Editor--May I offer one further ingredient to "A good death"(1,) that is an amicus mortis a "friend at death". Most items on your list of "principles" use the word "control" or imply it. Yet the very process of death involves losing control. Control of strong drugs is especially difficult for the one who is dying. An "amicus mortis" makes it easy. The following was written within days of my wife's death from cancer four years ago, and was read at her funeral.

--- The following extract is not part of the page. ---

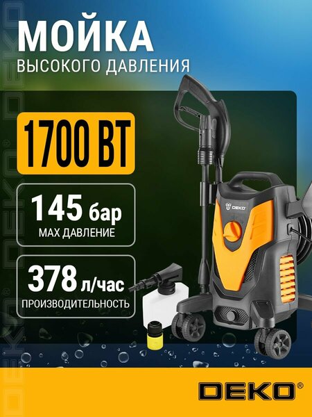 Мойка высокого давления DEKO DKCW145 - это мощный и надежный инструмент для ухода за автомобилем и другими поверхностями. DEKO DKCW145 оснащена электрическим двигателем мощностью 1700 Вт, что обеспечивает высокую производительность и эффективность работы. Напряжение сети составляет 220-230 В, что делает мойку совместимой с большинством домашних и профессиональных электросетей. Мойка высокого давления DEKO DKCW145 имеет максимальное давление от 115 до 145 бар, что позволяет эффективно удалять грязь и стойкие загрязнения. Алюминиевая помпа обеспечивает долговечность и надежность конструкции. DEKO DKCW145 оснащена функцией забора воды из емкости, что позволяет использовать мойку без подключения к водопроводу. В комплект поставки входят стандартные насадки, щетка, грязевая фреза и веерная насадка, что позволяет выбрать оптимальный режим работы для различных поверхностей и загрязнений. Защита от перегрева и автоматическое отключение при перегреве обеспечивают безопасность использования мойки высокого давления DEKO DKCW145. Мойка высокого давления DEKO DKCW145 выполнена в стильном черном и желтом цвете, что делает ее не только функциональным, но и стильным дополнением к вашему автомобилю.

"Towards the end I was given the privilege of care. I don't want to belittle the role of the care team. Nonetheless I was the lucky one in charge, especially at night, and my task was an easy one, aided by small doses of morphine towards the end.
She had no pain, no distress, no loss of dignity, no catheters, none of the things my patients in hospital have to put up with. In the last week our nightly family parties had to be in her room. Her last hours were tranquil."

The role of "amicus mortis" is a most life enhancing one, and there should thus be no shortage of supply. I had a further small dose of it last month when my father died. My older brother, enviably in full retirement, played the main role. He closed down his home in the Carolinas for a couple of months for the purpose. He endorses this view.

The chosen person must have time and love and prescribing power. Perhaps it is an unfair advantage to have doctor-husband or doctor-sons available, but prescribing power can easily be delegated, and the other attributes are just as important.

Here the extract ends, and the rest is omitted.